Lorsqu’en 2007, à la faveur d’un appel d’offres à privatisation, le groupe CMA CGM prend le contrôle de la Compagnie marocaine de navigation (Comanav) en s’emparant de 52 % du capital pour 201,3 M€, tout le monde s’interroge sur le devenir de la branche passagers. En se payant l’armement no 1 du Maroc, le groupe de Jacques Saadé assoit sa puissance sur le Maghreb pour les diverses et les conteneurs. Le trafic de passagers (environ 1 M), dont il est loin d’être un expert, était destiné à être rétrocédé à l’espagnol Balearia (voir encadré).

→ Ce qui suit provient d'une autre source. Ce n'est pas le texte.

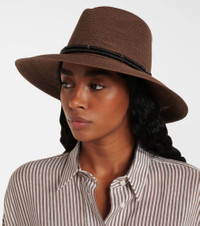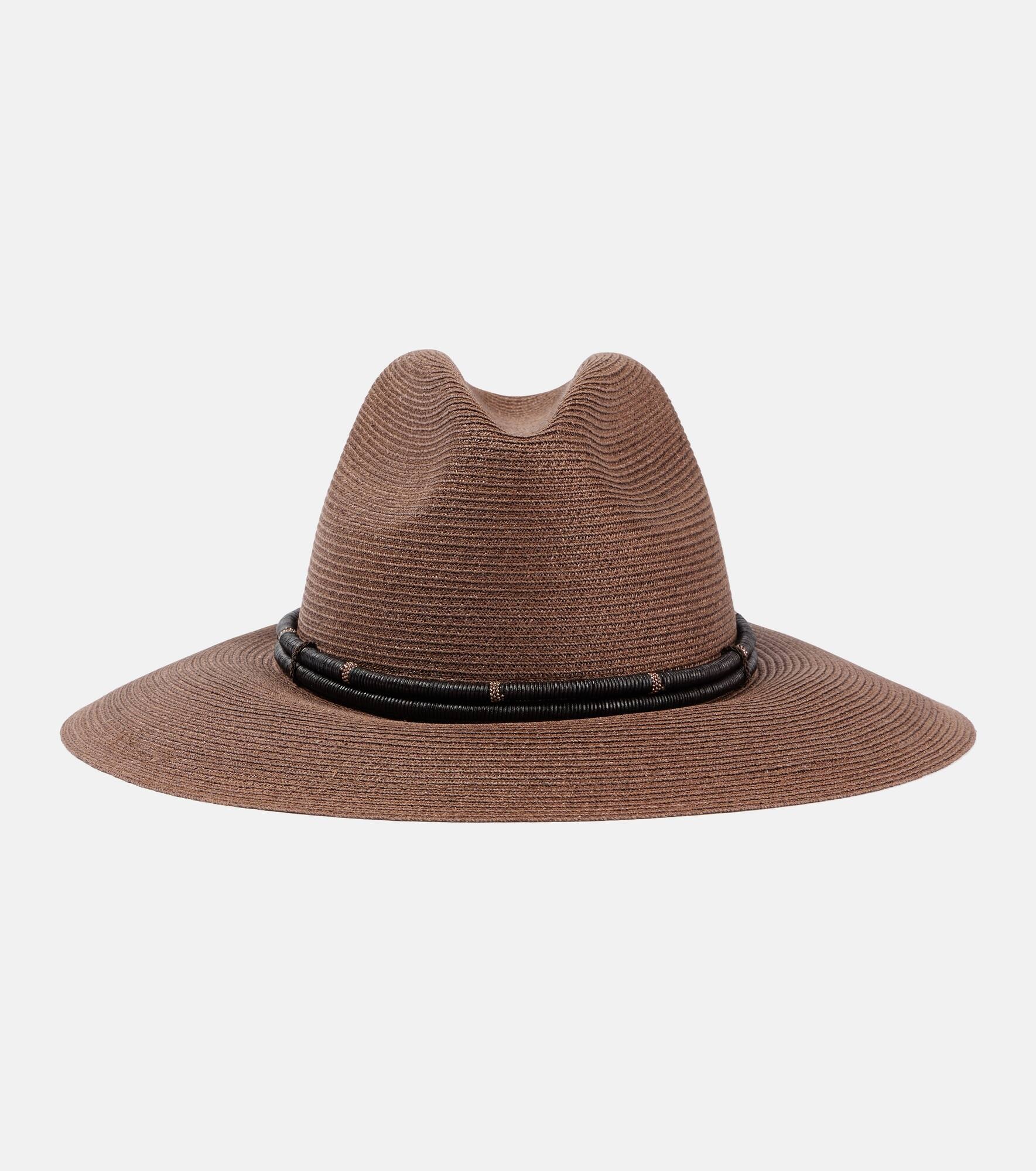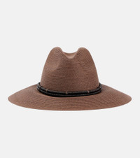 A Brunello Cucinelli signature, monili beading is made from nickel-free brass that's faceted to create a sparkling effect and hand-applied to each item. The signature beading tops the leather band on this classic fedora. Product Details - Material: 76% hemp, 18% cotton, 6% nylon - Care instructions: do not wash - Made in Italy - Designer color name: SEMI DI LINO - Lining: 60% cotton, 40% acetate - Item number: P01013160 Size & Fit - Width of brim 8cm-3"

Deux ans plus tard, cette activité revient à son lieu d’origine en étant vendue à la société marocaine Comarit pour 80 M€. En s’offrant le pôle passagers de la Comanav, l’homme d’affaires Ali Abdoulmoulah sort une épine du pied de CMA CGM qui a vu la piste espagnole (Balearia, mais aussi Transmed) s’effondrer brutalement avec la crise. La Comarit, compagnie maroco-norvégienne, devrait reprendre tous les actifs de Maroc Ferry, (dont notamment cinq navires), propriété de la compagnie rachetée, et renforcer son rôle sur les dessertes avec le détroit (Tanger-Algésiras) et le continent européen (Nador-Almeria et Tanger-Sète).
Du côté de CMA CGM, on se félicite évidemment d’une opération qui permet de se « recentrer ses activités au Maroc dans le développement des terminaux portuaires, notamment à Somaport (Casablanca), qui ouvrira ses portes au premier semestre 2009 et à Tanger-Med, en activité depuis 2007 ». Le groupe, indique le même communiqué, développe également le transport de marchandises par conteneurs, afin de « multiplier les services maritimes reliant le Maroc au reste du monde ». CMA CGM opère aujourd’hui en propre ou à travers ses filiales Comanav et Delmas, 11 services de transport conteneurisé avec les ports de l’Europe du Nord (Le Havre, Anvers, Rouen, Dunkerque, Rotterdam, Portsmouth), la Méditerranée (Marseille, Port Vendres, Malte, Valence, Barcelone, La Spezia), l’Afrique de l’Ouest (Abidjan, Tema, Lomé, Cotonou, Nouakchott, Dakar, Banjul, Conakry, Freetown, Monrovia) et le Maroc (Agadir, Casablanca et Tanger).
Balearia: 10 ans de progression
Fondée il y a tout juste 10 ans, la compagnie Balearia, également connue sous le nom d’Eurolíneas Marítimas, est devenue le leader des liaisons avec les îles Baléares et le no 2 de la desserte du détroit de Gibraltar. Forte d’une flotte de 14 navires, elle avoue 215 M€ d’activités pour 2008. Une stratégie de niche lui a permis d’assurer un trafic de 5,2 millions de passagers sur Majorque et Minorque, et un autre de 1,5 million pour les lignes entre Algésiras, Tanger et Ceuta. Son ascension a fait croire à Balearia qu’un rapprochement avec CMA CGM autour de l’activité passagers Comanav pouvait être une nouvelle opportunité de croissance. Le déséquilibre financier et la crise mondiale en ont décidé autrement pour la compagnie dirigée par Adolfo Utor. L’année 2009 sera consacrée à un nécessaire rééquilibrage budgétaire pour sortir du rouge. Elle se prépare aussi à renouveler une partie de sa flotte pour un investissement de 350 M€. « Nous avons arrêté tous les projets d’expansion », reconnaît aujourd’hui son dirigeant.